Task data:

--- --- ---

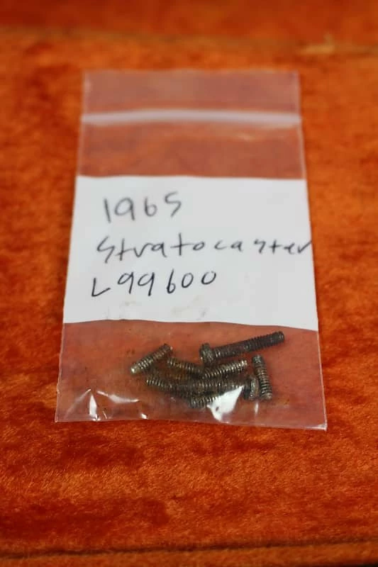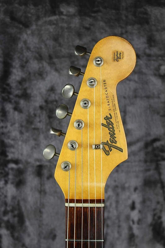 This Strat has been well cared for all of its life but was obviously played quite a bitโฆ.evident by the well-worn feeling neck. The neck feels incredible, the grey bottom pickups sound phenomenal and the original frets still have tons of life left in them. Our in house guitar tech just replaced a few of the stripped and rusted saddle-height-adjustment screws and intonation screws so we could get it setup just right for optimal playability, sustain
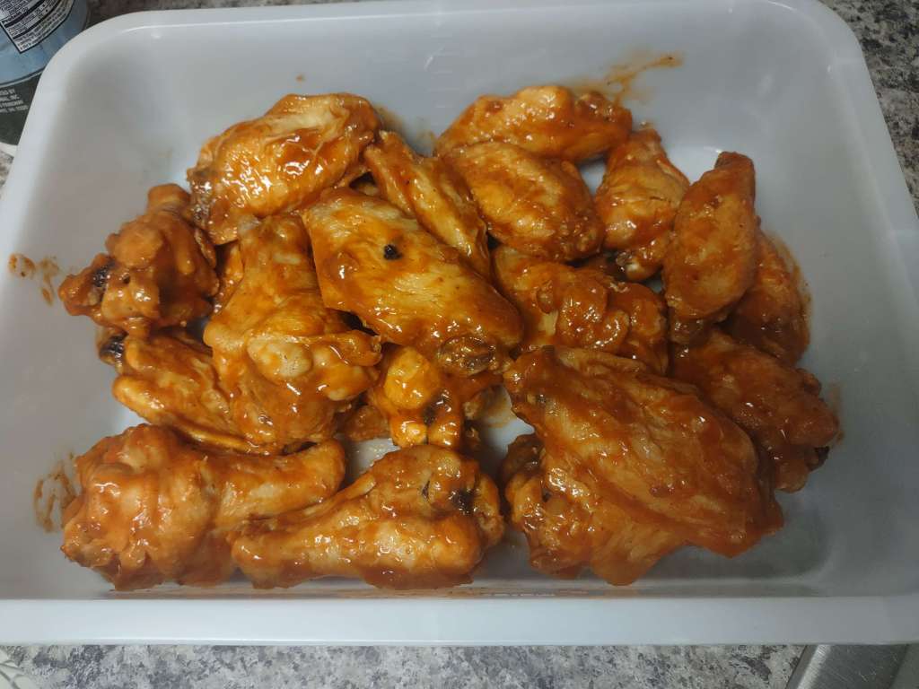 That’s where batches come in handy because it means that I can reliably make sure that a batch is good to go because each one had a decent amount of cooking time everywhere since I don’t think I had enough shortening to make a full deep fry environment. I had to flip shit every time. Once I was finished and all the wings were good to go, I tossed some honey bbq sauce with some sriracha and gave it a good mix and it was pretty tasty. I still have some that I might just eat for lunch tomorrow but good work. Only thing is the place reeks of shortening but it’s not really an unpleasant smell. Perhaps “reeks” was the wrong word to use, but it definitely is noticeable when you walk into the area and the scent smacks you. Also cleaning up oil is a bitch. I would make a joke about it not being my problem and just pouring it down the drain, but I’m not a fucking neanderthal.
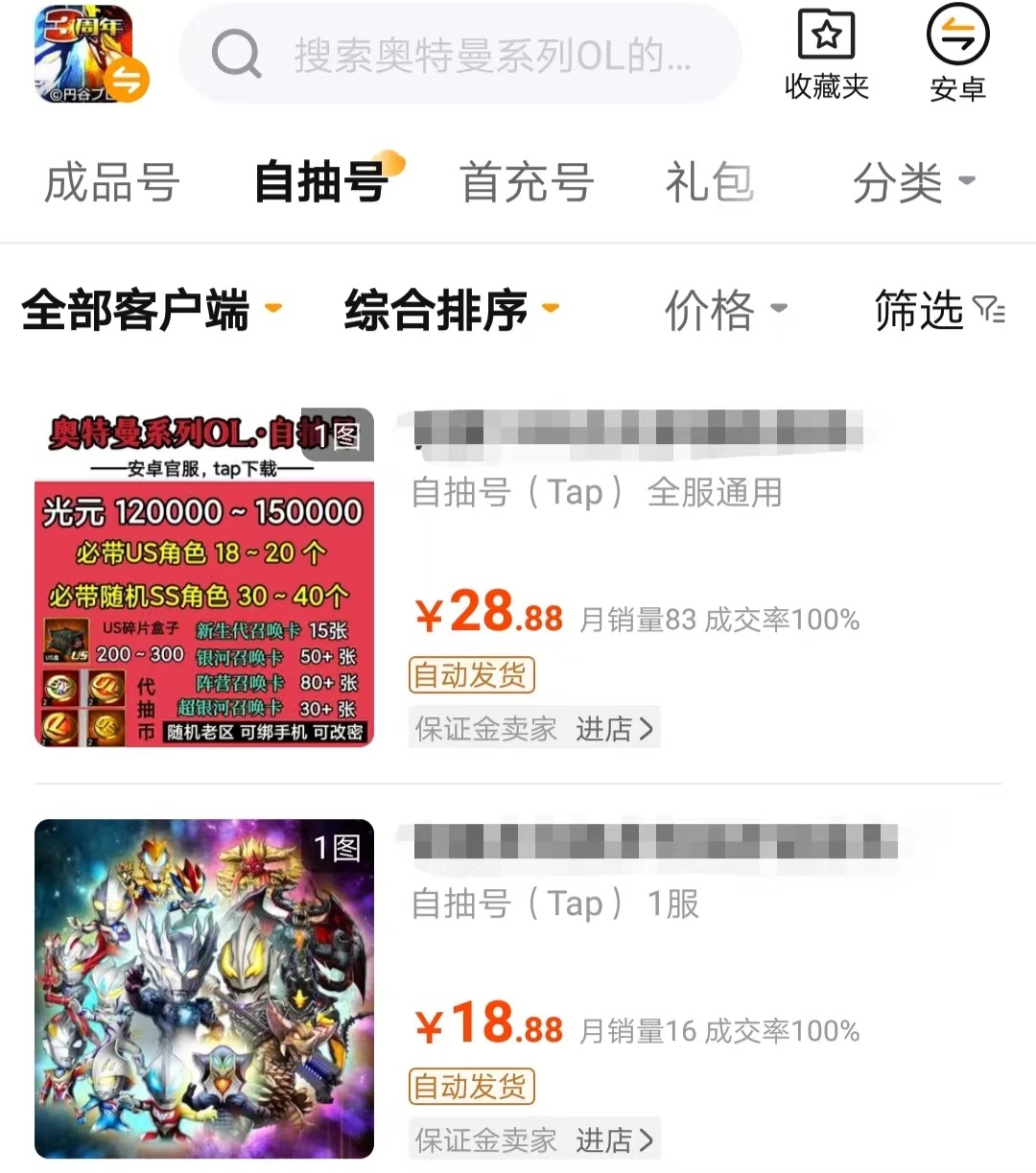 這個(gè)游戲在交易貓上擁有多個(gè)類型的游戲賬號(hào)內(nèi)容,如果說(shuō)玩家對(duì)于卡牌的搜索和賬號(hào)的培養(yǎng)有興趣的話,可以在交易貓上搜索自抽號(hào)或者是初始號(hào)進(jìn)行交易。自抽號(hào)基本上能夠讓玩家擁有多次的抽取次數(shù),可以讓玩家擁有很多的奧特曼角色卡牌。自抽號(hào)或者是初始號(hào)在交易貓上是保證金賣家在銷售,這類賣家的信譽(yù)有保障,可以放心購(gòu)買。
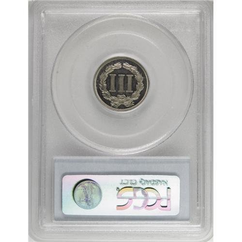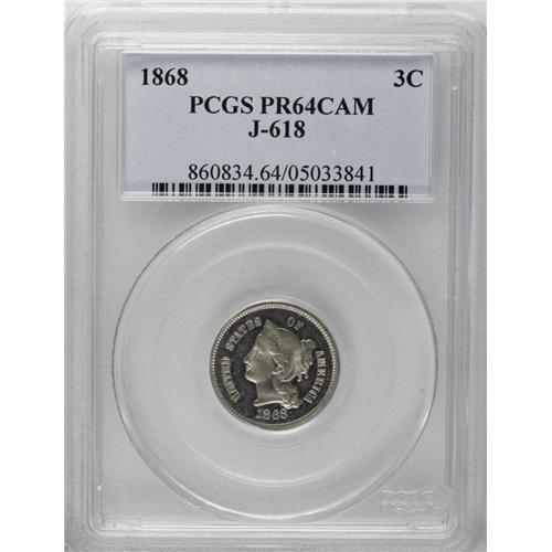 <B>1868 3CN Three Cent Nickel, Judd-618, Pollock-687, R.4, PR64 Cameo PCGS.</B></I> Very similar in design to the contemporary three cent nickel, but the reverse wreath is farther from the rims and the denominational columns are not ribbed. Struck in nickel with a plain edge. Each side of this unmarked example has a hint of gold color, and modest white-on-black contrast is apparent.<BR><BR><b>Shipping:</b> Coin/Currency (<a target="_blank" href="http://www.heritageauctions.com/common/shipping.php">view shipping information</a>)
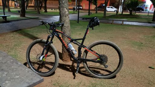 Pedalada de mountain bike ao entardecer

--- --- ---

Exercise aim: All records above should be duplicated exactly, with the pictures omitted.

Expected answer:
 This Strat has been well cared for all of its life but was obviously played quite a bitโฆ.evident by the well-worn feeling neck. The neck feels incredible, the grey bottom pickups sound phenomenal and the original frets still have tons of life left in them. Our in house guitar tech just replaced a few of the stripped and rusted saddle-height-adjustment screws and intonation screws so we could get it setup just right for optimal playability, sustain
 That’s where batches come in handy because it means that I can reliably make sure that a batch is good to go because each one had a decent amount of cooking time everywhere since I don’t think I had enough shortening to make a full deep fry environment. I had to flip shit every time. Once I was finished and all the wings were good to go, I tossed some honey bbq sauce with some sriracha and gave it a good mix and it was pretty tasty. I still have some that I might just eat for lunch tomorrow but good work. Only thing is the place reeks of shortening but it’s not really an unpleasant smell. Perhaps “reeks” was the wrong word to use, but it definitely is noticeable when you walk into the area and the scent smacks you. Also cleaning up oil is a bitch. I would make a joke about it not being my problem and just pouring it down the drain, but I’m not a fucking neanderthal.
 這個(gè)游戲在交易貓上擁有多個(gè)類型的游戲賬號(hào)內(nèi)容,如果說(shuō)玩家對(duì)于卡牌的搜索和賬號(hào)的培養(yǎng)有興趣的話,可以在交易貓上搜索自抽號(hào)或者是初始號(hào)進(jìn)行交易。自抽號(hào)基本上能夠讓玩家擁有多次的抽取次數(shù),可以讓玩家擁有很多的奧特曼角色卡牌。自抽號(hào)或者是初始號(hào)在交易貓上是保證金賣家在銷售,這類賣家的信譽(yù)有保障,可以放心購(gòu)買。
 <B>1868 3CN Three Cent Nickel, Judd-618, Pollock-687, R.4, PR64 Cameo PCGS.</B></I> Very similar in design to the contemporary three cent nickel, but the reverse wreath is farther from the rims and the denominational columns are not ribbed. Struck in nickel with a plain edge. Each side of this unmarked example has a hint of gold color, and modest white-on-black contrast is apparent.<BR><BR><b>Shipping:</b> Coin/Currency (<a target="_blank" href="http://www.heritageauctions.com/common/shipping.php">view shipping information</a>)
 Pedalada de mountain bike ao entardecer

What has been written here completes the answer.